石巻で新聞記者をされている近江さんならではの東日本大震災にまつわる連作です。

雨降れば傘開くのみ原因と結果は結果が後にしか来ず

傘を開いたら雨が降るだろうか。そんなことはない。降っちゃっているから仕方なくさすのだ。なにごとも事象がまずあり、それへの対応として行動を起こす。地震だってそうだ。地層のズレ・活動の結果としての地震だった。

いや?本当にそうだろうか。傘の場合は一週間そのまま開いて待っていればたぶん降る。全世界に適用できるルールではない気がしてくる!

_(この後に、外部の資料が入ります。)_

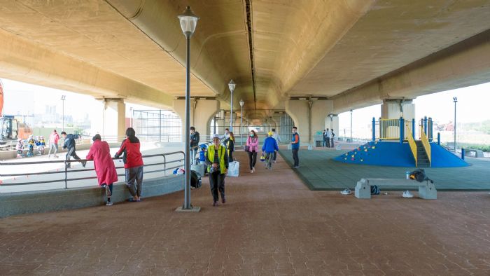 桃園市長鄭文燦(3)日上午前往觀音區,出席「台61線保障草漯橋下運動休閒廣場啟用典禮」時表示,市府推動市內台61線高架橋下空間活化使用,自108年9月23日起,於觀音區保障里至草漯里高架橋下空間規劃建置運動休閒廣場,包含金剛砂剛性鋪面溜冰場、共融式遊戲場、籃球場、法式滾球場、停車場及景觀高燈等設施,總面積約3,473.97平方公尺,同年12月18日完工,總工程經費約732萬9,186元,於今日正式啟用,將可就近提供當地居民一處多元化的運動場所。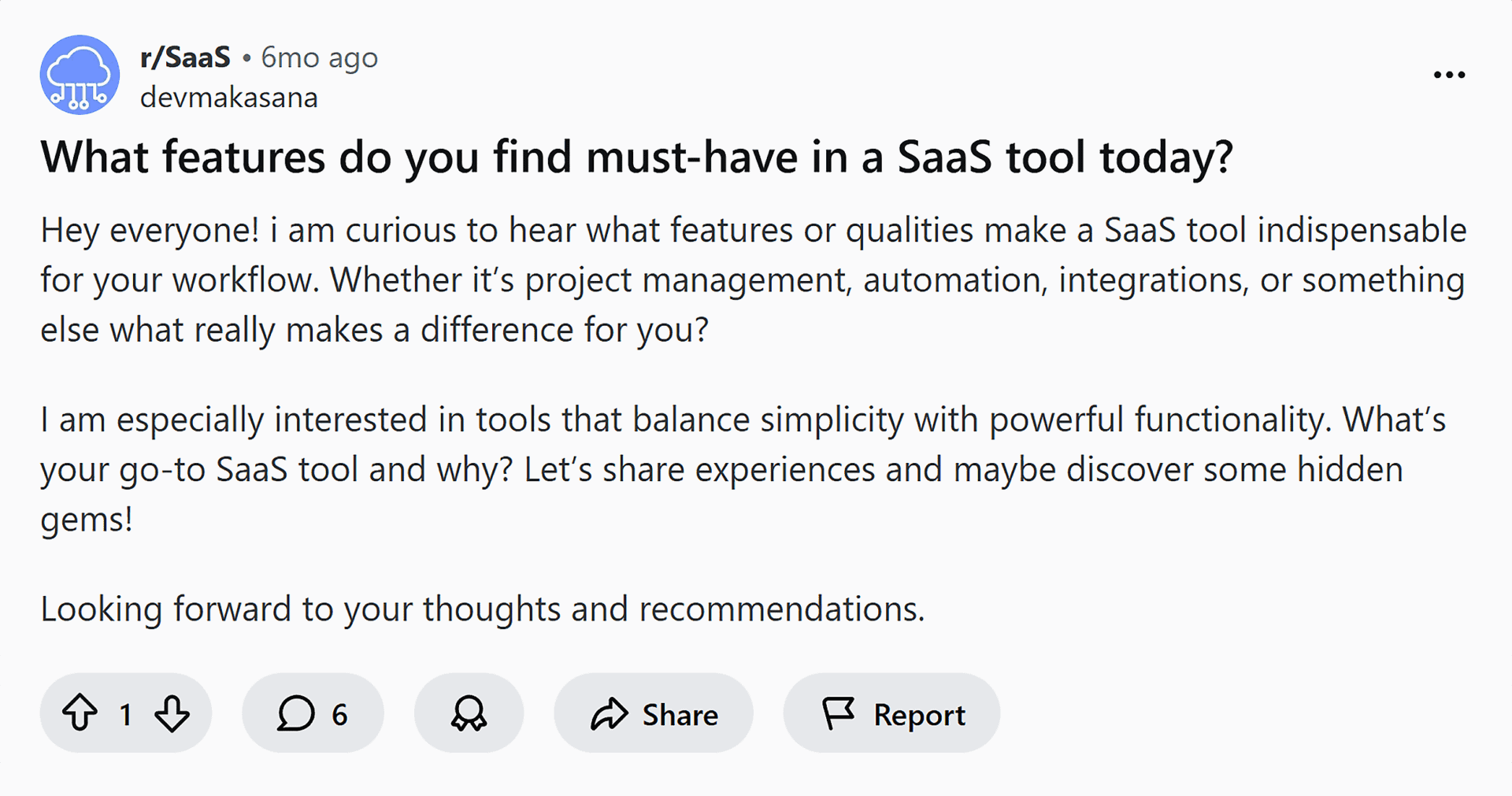 Go where real SaaS buyers are sharing feedback — places like G2 reviews and user-generated forums like Reddit.

「そりゃそうだ」と思わせておきながら一転して疑いを持たせるとても哲学的な一首。


あの時は東京で学生をしてましたと言えば突然遠ざけられて

連作のなかで最も心をえぐられた一首。ウチとソトのどちらでもない立場の危うさ、身軽さ。さっきまで親しく会話していた人とのあいだに突然生まれる壁。

震災を体験した人たち同士でしか分かり合えないこともたくさんあるだろう。だけど知らないからこそ突っ込めることもある。連作を通してビシビシと感じる復興への皮肉めいた視線は半分当事者半分よそ者そして記者だからこそ見えている景色だと思った。


僕だけが目を開けている黙祷の一分間で写す寒空

これも記者だからこその一首。取材するんだから黙祷には参加できない。みなが黙祷する様子をカメラにおさめたりメモに残したりしているその一分間、自分だけが独占している空のこと。その空はみなが黙祷する前の空と何が違うんだろう。


仮設から復興住宅へと移る壁の厚さをさみしさと呼ぶ

恥ずかしながら仮設住宅と復興住宅の違いを知らなくて調べました。仮設住宅はテレビで何度も目にしたプレハブ。空き地などにずらーーーっと並べられた長屋状のものだそうです。対する復興住宅は団地のような佇まいの数階建ての住宅。

造りが違う。壁の厚さも本当に違う。隣の物音があまり気にならなくなった復興住宅の壁を「さみしさ」とする。以前は「被災者のみなさん」というひとくくりの集団のように扱われていた住まいを失った人たちは厚い壁でプライバシーを得た代わりにほどけていってしまう。集団から個へ変わるさまを「さみしさ」と呼ぶ。これを順調な復興とみなしてよいのだろうか、悶々とする。


<連作を通して感じたこと>

近江さんは「震災当日東京にいてナマでその瞬間をその日々を体験しなかったこと」と「その後Uターンして新聞記者となり震災八年目の地域の復興状況を追いかけ続けていること」の間で静かに葛藤しているのではないでしょうか。

でもそのどっちつかずの立場だからこそ見える現状もあるわけで、この連作はその立場を最大限に「利用」した冷静きわまりない作品であると思いました。過度な喜怒哀楽を含ませずに淡々と、淡々と詠んだ30首。読者を涙ぐませるようなパンチのある言葉は使用せず、あくまでも日常のひとコマを記者という肩書きを持った住民としての目で見ておられます。

30首の中に特別にドラマチックなことは起きません。復興って何がどうなればゴールなんだっけ?という誰にも正解がわからないことを静かに突きつけてきます。

拙い感想をお読みいただきありがとうございました。『塔7月号』を入手できる方はぜひ「句読点」を読んでみてください。ドリームやワンダーに満ちた短歌でなくても、普通の言葉で普通を描いて賞を勝ち取った近江さんのただごと歌のセンスを感じてみてください。

近江さん、このたびは本当におめでとうございました。ますますのご活躍を~!石巻を中心ににぎわっている短歌部カプカプの活動もラジオ番組「たんたか短歌」も全力応援しております!